For videos with a resolution of less than Full HD, the decoding speed is sufficiently fast even in a limited hardware environment; thus, we targeted videos with a resolution of 4K or higher. As demonstrated by the experiments, the subjective quality was good enough to display the thumbnails even if the thumbnails were generated at 1/64 size of the original resolution from 4K or higher UHD videos. This paper is based on the 1/64 size thumbnail extraction method, and in order to extract the thumbnails at the 1/

2^{n}

size of the original resolution according to the user’s preference, it can be applied similarly by restoring the right and bottom boundary pixels and one pixel for each

2^{\frac{n}{2}} \times 2^{\frac{n}{2}}

blocks.

In order to extract a thumbnail with a size corresponding to 1/64 of the original image resolution, one pixel is required for each 8 × 8 block. Therefore, all the pixels output to the thumbnail correspond to one pixel at the bottom right of the 8 × 8 unit block. However, HEVC and others employ larger transform sizes; thus, we were required to reconstruct several pixels inside the transform blocks for better visual quality. H.264/AVC, HEVC and VP9 video compression standards have various prediction and transform sizes and shapes (from 4 × 4 to 32 × 32, and square and non-square blocks). When the proposed partial decoding method was applied to the H.264/AVC, HEVC and VP9 video compression standards, the restored pixel positions within the block were as shown in Figure 3.

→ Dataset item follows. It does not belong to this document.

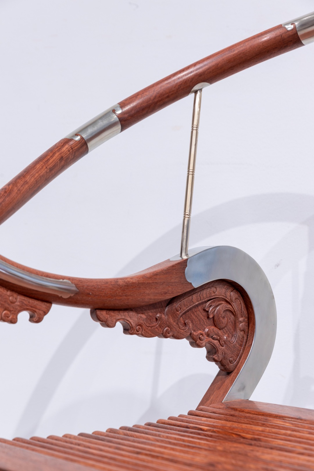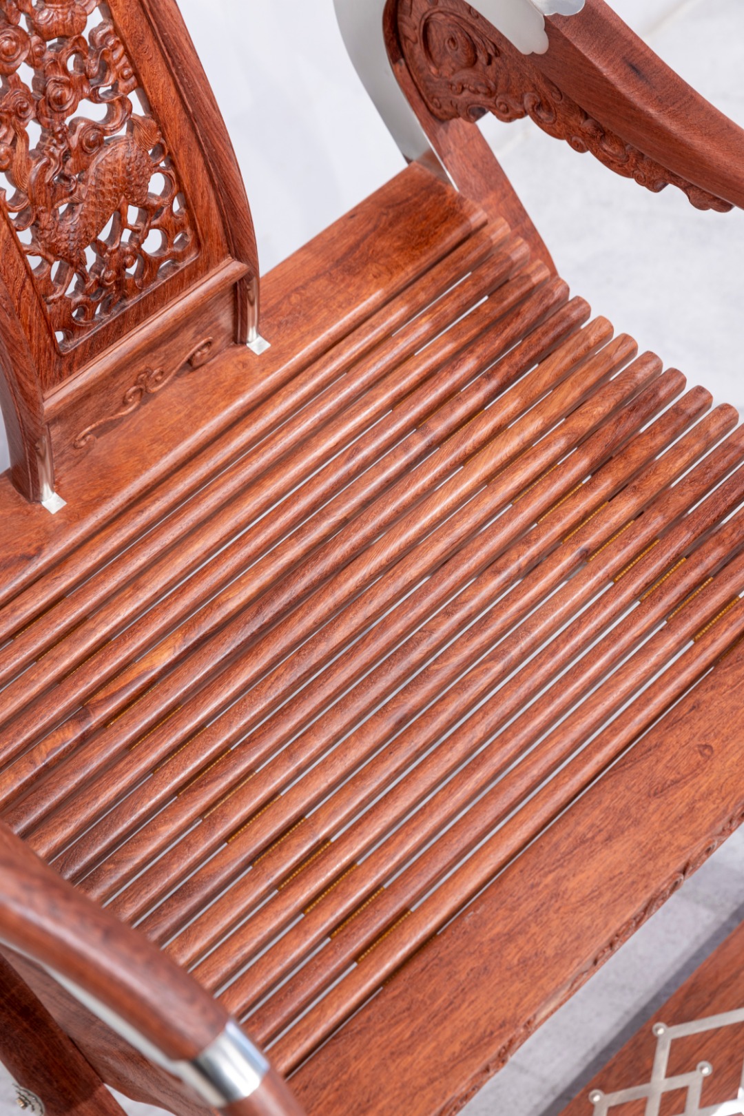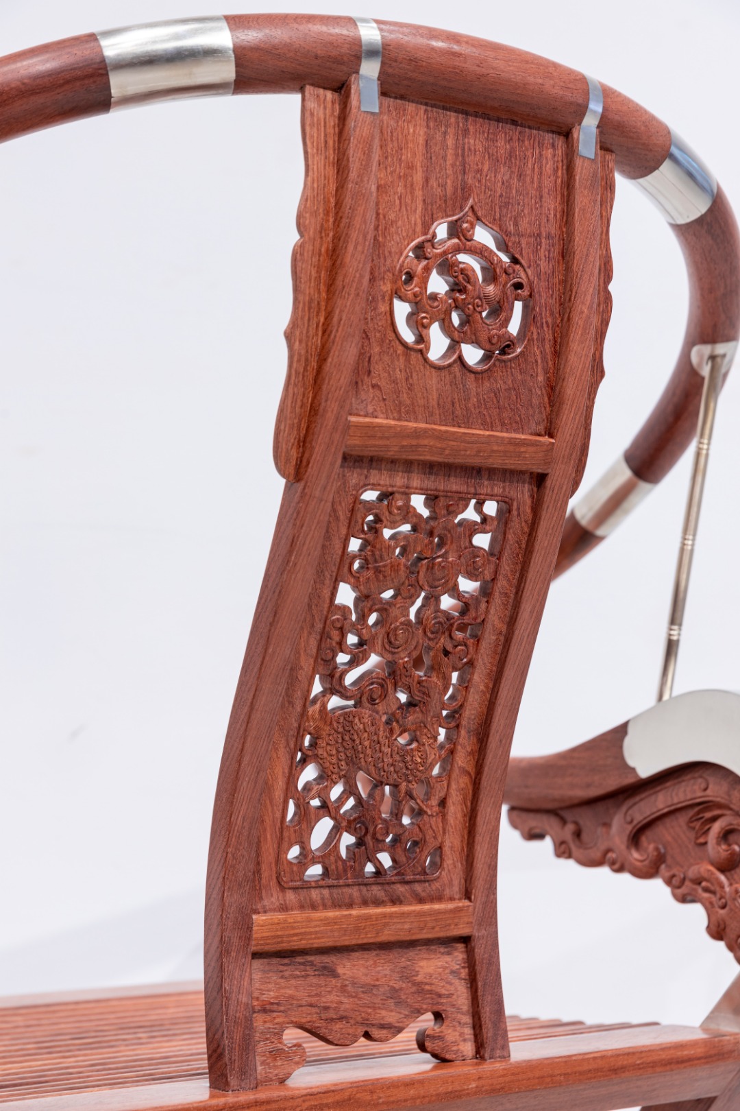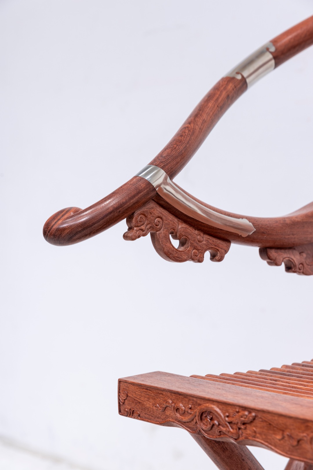 此交椅椅圈五接,并以铜活加固,两端出头回转收尾成圆钮形。三弯靠背板做双面透雕,出榫纳入扶手下方和椅盘后大边,两侧带弧形窄角牙,中央镂雕如意形开光,内雕麒麟纹,下部锼挖亮脚。三弯形的支撑构件向前探伸接入扶手出头下端,另一端结合前腿足上截,转弯处设螭龙纹牙支撑,扶手下相交处也设螭纹托角小牙子。扶手下与支撑构件转弯处装有铜竹节纹棍柱支承,上下两端带铜饰件。座面硬屉,边抹立面浮雕相向的双螭龙,中央为卷草。前后腿足皆出榫纳入足下横材,前方脚踏包铜条及如意纹包角,踏面为方胜纹。

Table 1 lists the numbers of reconstructed pixels in the block according to the transform block size when the proposed method is applied. The reference pixels in the table are pixels to be reconstructed and stored for intra prediction of the next block, and the pixels inside the block are the pixels that are reconstructed to be output as a thumbnail. The reconstruction pixel ratio represents the ratio of the reconstructed pixels of the proposed method to the total number of pixels in each block. According to the table, the reconstruction ratio of the proposed algorithm is reduced from 44% to as low as 7%, depending on the block sizes. Because the reconstruction ratio is reduced in proportion to the block size, lower computational complexity of the thumbnail extraction method is necessary when larger-sized blocks are included in an image. In addition, the memory usage can be reduced for large blocks. We are required to develop partial inverse transformations and partial intra prediction, which are described in the subsections along with the minimal memory structure. The proposed partial decoding for chroma samples can be easily derived in a same way, even for a 4:2:0 format.

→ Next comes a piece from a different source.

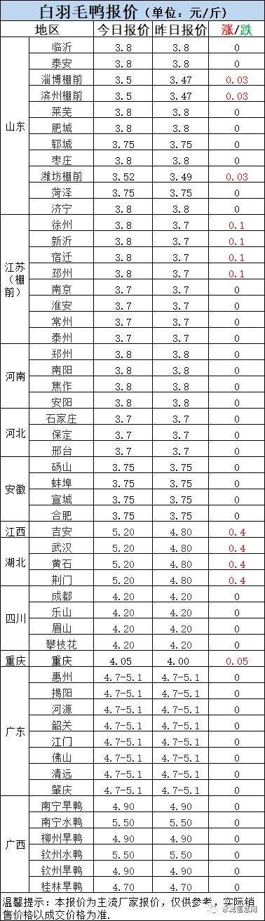 今晚北方毛鸭报价暂稳,局部回弹。毛鸭略有走强主要来源于成本压力。

2.1. Partial Transformations

The inverse transformation process is to transform frequency domain transform coefficients, obtained through the entropy decoding process, into magnitudes in the pixel domain by performing a 2D inverse discrete cosine transform (IDCT). In order to reduce computational complexity, the inverse transformation of H.264/AVC, HEVC and VP9 decoders consists of a butterfly structure in which 2D IDCTs are divided into two vertical and horizontal 1D IDCT operations, and each 1D IDCT is added and multiplied [14,15].

The proposed transform is to inversely transform the lowermost and rightmost pixels according to reference pixels, in order to avoid error propagation. In addition, if a transform block is larger than 8 × 8 pixels, one pixel is recovered per 8 × 8 sub-block inside the larger block to avoid interpolation in the thumbnail. We employ the two-stage inverse transformation based on the separable characteristics. To perform the horizontal 1D transformation, the vertical 1D IDCT should be fully performed. However, the horizontal 1D transform can be partly performed for the reference pixels and one pixel per internal 8 × 8 sub-block. As shown in Figure 4, the 16 × 16 block is inversely transformed for the yellow pixels of the second stage.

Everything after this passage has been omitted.